| What is expected |
Could you repeat all of the entries below word for word, apart from the pictures?

(Saved data entries)
————

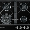 Поверхность: варочная панель • Тип поверхности: газовая • Рабочая поверхность: закаленное стекло • Число конфорок: 4 • Установка: независимая • Газовые конфорки: всего - 4 (1 конфорка "Тройная корона") • Газ-контроль конфорок: есть • Тип управления: механическое • Переключатели: поворотные • Электроподжиг: есть, автоматический • Размеры: 584x510x50 мм • Цвет: панель - черный
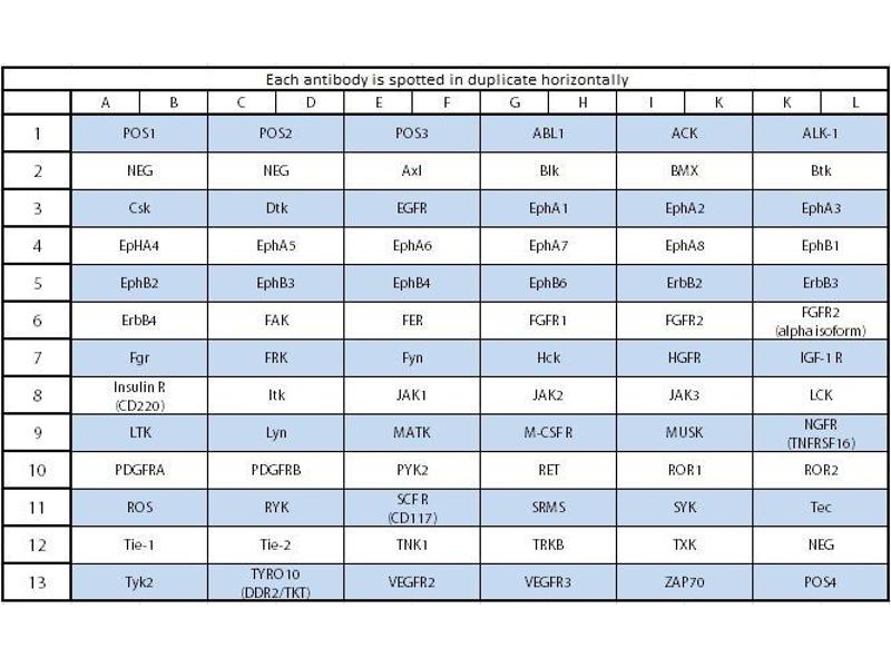 - ABL1, ACK, ALK-1, Axl, Blk, BMX, Btk, Csk, Dtk, EGFR, EphA1, EphA2, EphA3, EphA4, EphA5, EphA6, EphA7, EphA8, EphB1, EphB2, EphB3, EphB4, EphB6, ErbB2, ErbB3, ErbB4, FAK, FER, FGFR1, FGFR2, FGFR2 (alpha isoform), Fgr, FRK, Fyn, Hck, HGFR, IGF-1 R, Insulin R (CD220), Itk, JAK1, JAK2, JAK3, LCK, LTK, Lyn, MATK, M-CSF R, MUSK, NGFR (TNFRSF16), PDGFRA, PDGFRB, PYK2, RET, ROR1, ROR2, ROS, RYK, SCF R (CD117/c-kit), SRMS, SYK, Tec, Tie-1, Tie-2, TNK1, TRKB, TXK, Tyk2, TYRO10 (DDR2/TKT), VEGFR2, VEGFR3
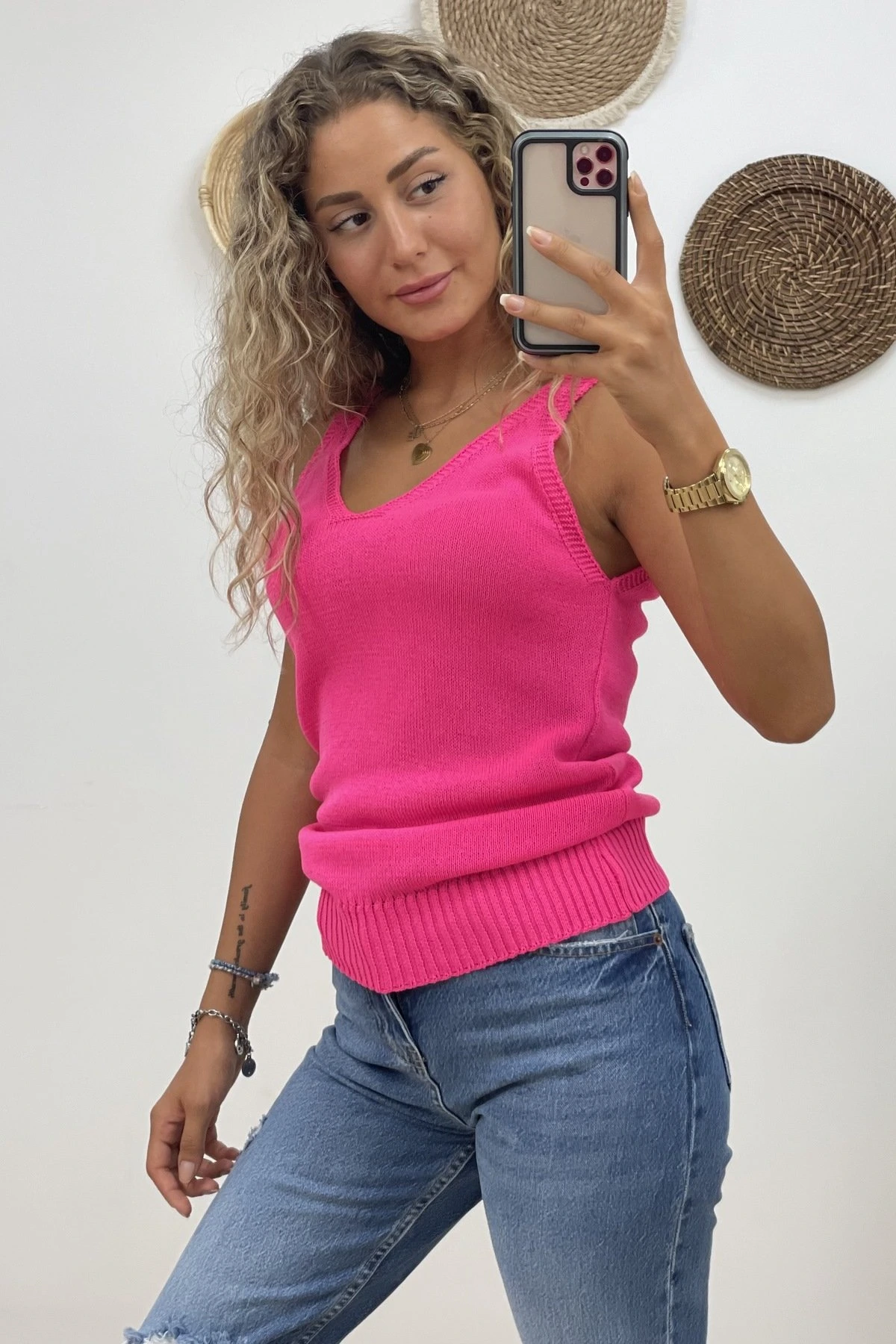 ARKA ÖN V YAKA MERSERİZE ATLET – NEON PEMBE
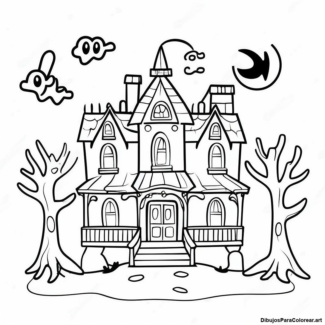 Casa Embrujada Espeluznante Con Fantasmas Para Colorear
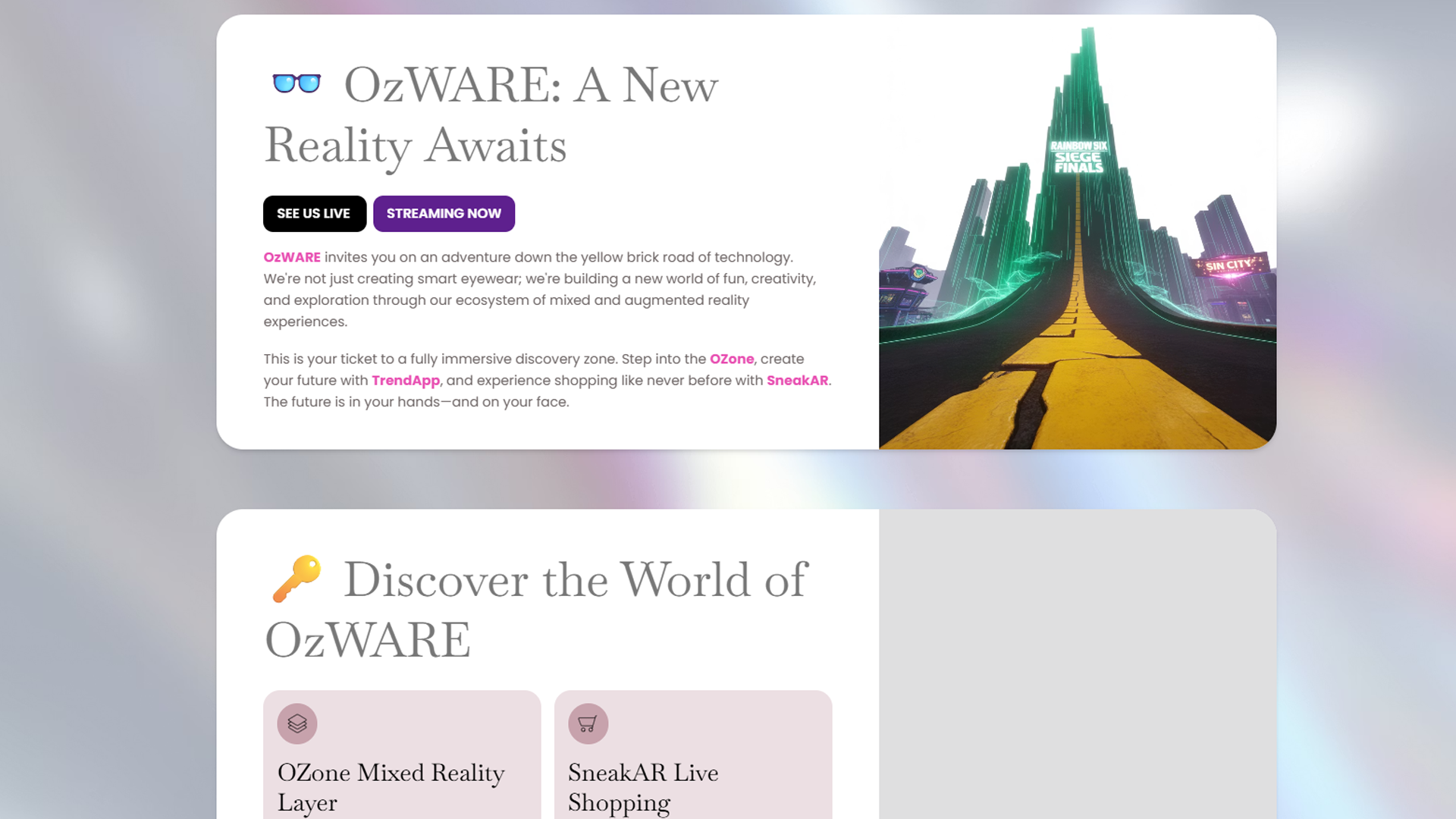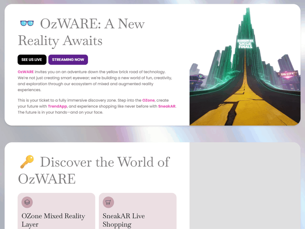 OzWARE invites you on an adventure down the yellow brick road of technology. We’re not just creating smart eyewear; we’re building a new world of fun, creativity, and exploration through our ecosystem of mixed and augmented reality experiences.

————

| Result for this task |
 Поверхность: варочная панель • Тип поверхности: газовая • Рабочая поверхность: закаленное стекло • Число конфорок: 4 • Установка: независимая • Газовые конфорки: всего - 4 (1 конфорка "Тройная корона") • Газ-контроль конфорок: есть • Тип управления: механическое • Переключатели: поворотные • Электроподжиг: есть, автоматический • Размеры: 584x510x50 мм • Цвет: панель - черный
 - ABL1, ACK, ALK-1, Axl, Blk, BMX, Btk, Csk, Dtk, EGFR, EphA1, EphA2, EphA3, EphA4, EphA5, EphA6, EphA7, EphA8, EphB1, EphB2, EphB3, EphB4, EphB6, ErbB2, ErbB3, ErbB4, FAK, FER, FGFR1, FGFR2, FGFR2 (alpha isoform), Fgr, FRK, Fyn, Hck, HGFR, IGF-1 R, Insulin R (CD220), Itk, JAK1, JAK2, JAK3, LCK, LTK, Lyn, MATK, M-CSF R, MUSK, NGFR (TNFRSF16), PDGFRA, PDGFRB, PYK2, RET, ROR1, ROR2, ROS, RYK, SCF R (CD117/c-kit), SRMS, SYK, Tec, Tie-1, Tie-2, TNK1, TRKB, TXK, Tyk2, TYRO10 (DDR2/TKT), VEGFR2, VEGFR3
 ARKA ÖN V YAKA MERSERİZE ATLET – NEON PEMBE
 Casa Embrujada Espeluznante Con Fantasmas Para Colorear
 OzWARE invites you on an adventure down the yellow brick road of technology. We’re not just creating smart eyewear; we’re building a new world of fun, creativity, and exploration through our ecosystem of mixed and augmented reality experiences.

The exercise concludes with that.